それは官能的に動いていく。

ざわめいているその姿はまるで木の葉が風に弄ばれているようだ。

暗闇の中に光る獣と同じその鋭い眼に射抜かれて、三浦ハルはどうしようもなかった。

プライドが高く、孤高の浮雲とまで称されるあの雲雀恭弥が、

三浦ハルの脚を、舐めているなんて・・・。

 

 

 

「はう・・・」

ぴくっ、と動くのは快楽と似たくすぐったさからだった。

三浦ハルは、一般的な人間に該当される。だから一般的じゃない人間の雲雀恭弥の生き方に少々疑問を持ったりするときもある。

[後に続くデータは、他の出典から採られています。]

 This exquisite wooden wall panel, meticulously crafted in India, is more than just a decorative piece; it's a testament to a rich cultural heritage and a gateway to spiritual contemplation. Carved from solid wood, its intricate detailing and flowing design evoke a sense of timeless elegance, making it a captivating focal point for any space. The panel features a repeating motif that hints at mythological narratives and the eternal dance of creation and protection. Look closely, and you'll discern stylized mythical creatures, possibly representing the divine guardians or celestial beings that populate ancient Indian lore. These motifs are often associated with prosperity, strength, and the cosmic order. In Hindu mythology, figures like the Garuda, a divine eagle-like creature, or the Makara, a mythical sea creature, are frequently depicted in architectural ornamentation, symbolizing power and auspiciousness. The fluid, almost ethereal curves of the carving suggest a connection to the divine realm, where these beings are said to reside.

でも、それは価値観が違うから。あの人のしている事は正しいのだろうと思える箇所があったから、何も糾弾することも無かったのだが。

コレは、正しいのだろうか?

「んっ・・・」

ふくらはぎを舐められて、指を噛んで声を我慢する。

裸にしていろんな所を触ったり、舐めたり、探ったりするのも、たしかに背徳的なのだけれど。

どうでしょうか。これは、それよりも尚背徳的だと思えてならないんです。

裸じゃない。服を着ています。でも、スカートのままで脚を舐められたら・・・その・・・下着が見えちゃうという事もあって・・・脱がしても恥ずかしいですけど、こっちもこっちで恥ずかしいんです。

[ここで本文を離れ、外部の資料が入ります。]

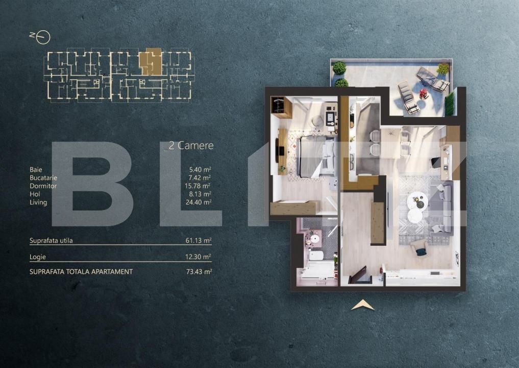 Suprafață utilă: 61.13 mp

ベッドに腰かけて、雲雀恭弥はその下に跪いて、舐めている。

主従関係なんてこれっぽっちも無いです。でも、これを見られたらハルが悪い女になっちゃうような気がしてなりません。

ハルは、いっつもいっつも、やめて、と言っているんです。恥ずかしいです。

でも、雲雀さんはいつもニヤニヤ笑って、だったらやめないって言うんです。だったらって何ですか!苛めですか!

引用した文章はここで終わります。